LYTNet: A Convolutional Neural Network for Real-Time Pedestrian Traffic Lights and Zebra Crossing Recognition for the Visually Impaired
This addresses a critical safety issue for visually impaired individuals by providing comprehensive navigation aids, though it is an incremental improvement over prior binary detection methods.
The paper tackles the problem of assisting visually impaired pedestrians by recognizing traffic light colors and zebra crossing directions in real-time, achieving 94% classification accuracy, 6.35 degrees average angle error, and 20 FPS on an iPhone 7.

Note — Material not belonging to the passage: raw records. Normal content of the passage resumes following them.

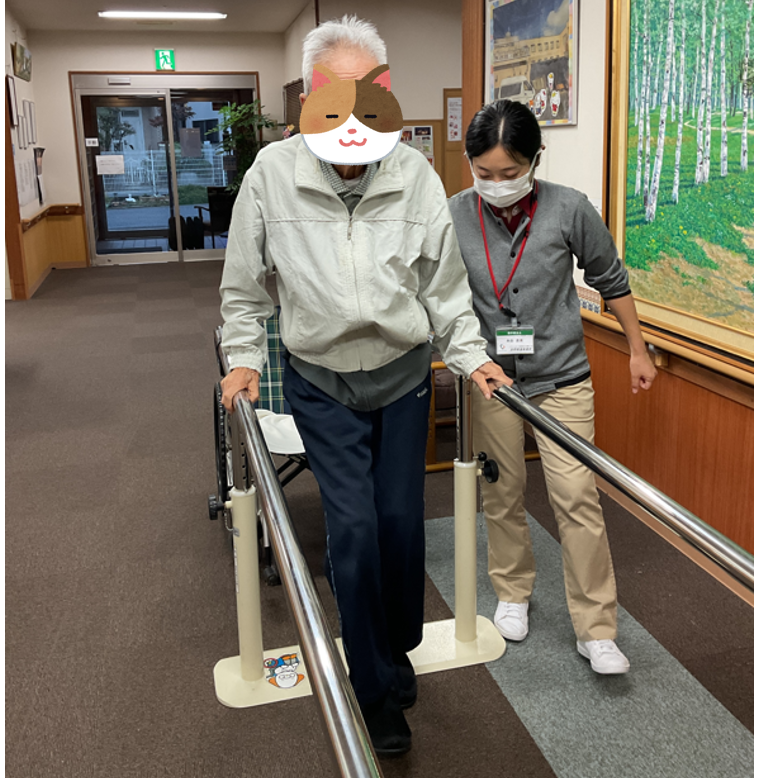普段の移動に車椅子を使っている利用者様が自力歩行を目指し頑張っていいました。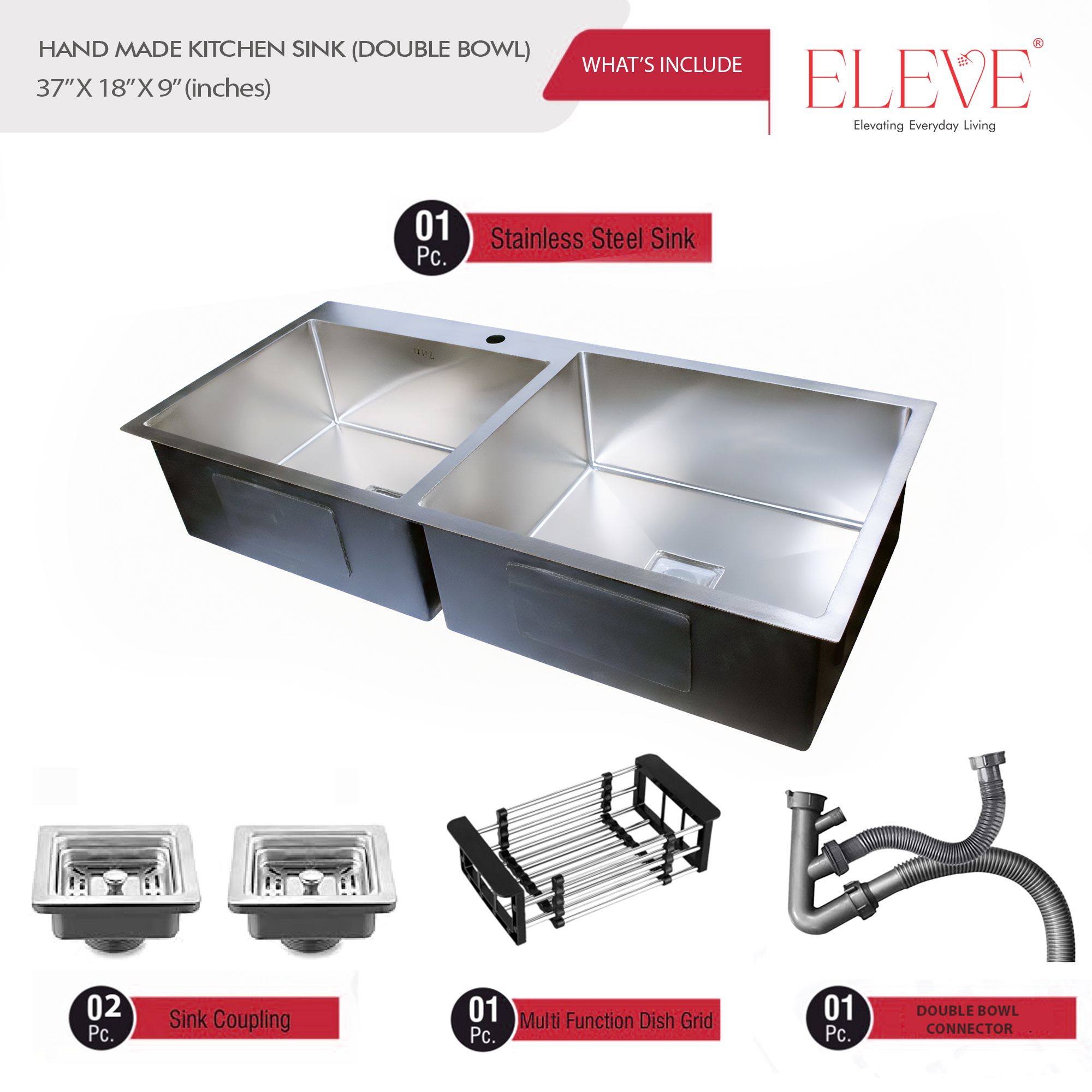 - Upgrade your kitchen with the ELEVE Opus 37”x18” Double Bowl Sink, designed with dual equal bowls and a built-in tap hole for maximum functionality. Crafted from premium 304 stainless steel, this handmade sink offers durability, scratch resistance, and a modern brushed finish—perfect for modular kitchens.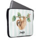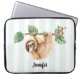 Die Laptop-Hülle mit einem zauberhaften Faultier, der von einem Baumzweig auf den Kopf hängt. Der Baumzweig ist mit tropischen Blätter und Beeren dekoriert. Set auf einem hellgrün-weiß gestreiften Hintergrund.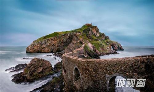 11.西班牙的龙脊海岸(Gaztelugatxe),远看桥就像蜿蜒的龙身,岛上座落的修道院院外有口吊钟,传说和心上人走完这237个台阶一起敲钟,两人的爱至死不渝。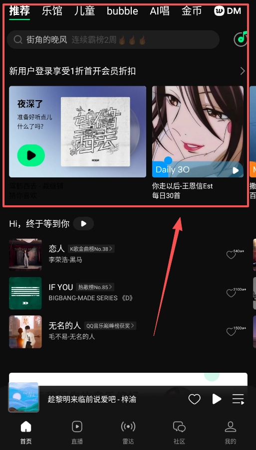 首先打開QQ音樂,在首頁的“推薦”板塊里,你能看到像每日30首這樣的個性化歌單,這些歌單會自動保存,方便你之后在“我的”頁面快速找到它們。
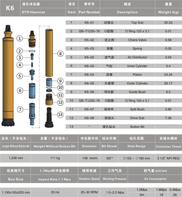 HD75A | 1258 | 120 | 165 | Cop64/DHD360 | 175-216 | API 31/2"Reg |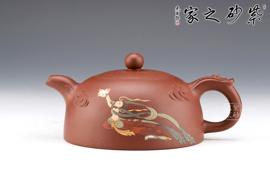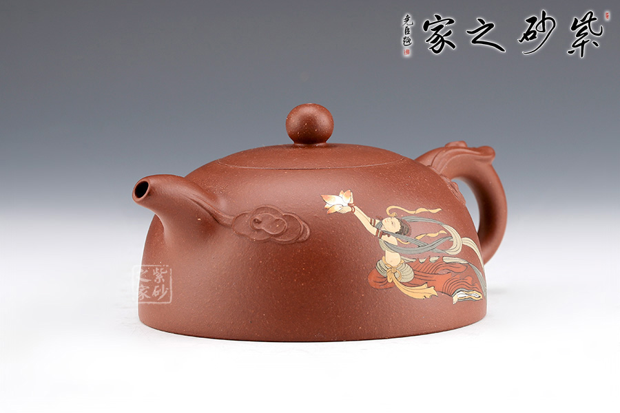 壺身是以半個(gè)月亮為壺型,整個(gè)壺身都十分柔軟溫和,邊緣處都以溫和的弧度過(guò)渡;壺底平整,棱角邊緣線條直率,端莊穩(wěn)重;壺面采用刻繪工藝裝飾,嫦娥手棒玉兔緩緩升天,姿勢(shì)優(yōu)美、動(dòng)態(tài)有力;壺把、壺嘴均已祥云裝飾,寓意吉祥;壺鈕珠圓玉潤(rùn),截蓋設(shè)計(jì)十分嚴(yán)謹(jǐn),嚴(yán)絲合縫,整個(gè)壺渾然一體,協(xié)調(diào)一致,同時(shí)滿足了實(shí)用要求。

Currently, the visually impaired rely on either a sighted human, guide dog, or white cane to safely navigate. However, the training of guide dogs is extremely expensive, and canes cannot provide essential information regarding the color of traffic lights and direction of crosswalks. In this paper, we propose a deep learning based solution that provides information regarding the traffic light mode and the position of the zebra crossing. Previous solutions that utilize machine learning only provide one piece of information and are mostly binary: only detecting red or green lights. The proposed convolutional neural network, LYTNet, is designed for comprehensiveness, accuracy, and computational efficiency. LYTNet delivers both of the two most important pieces of information for the visually impaired to cross the road. We provide five classes of pedestrian traffic lights rather than the commonly seen three or four, and a direction vector representing the midline of the zebra crossing that is converted from the 2D image plane to real-world positions. We created our own dataset of pedestrian traffic lights containing over 5000 photos taken at hundreds of intersections in Shanghai. The experiments carried out achieve a classification accuracy of 94%, average angle error of 6.35 degrees, with a frame rate of 20 frames per second when testing the network on an iPhone 7 with additional post-processing steps.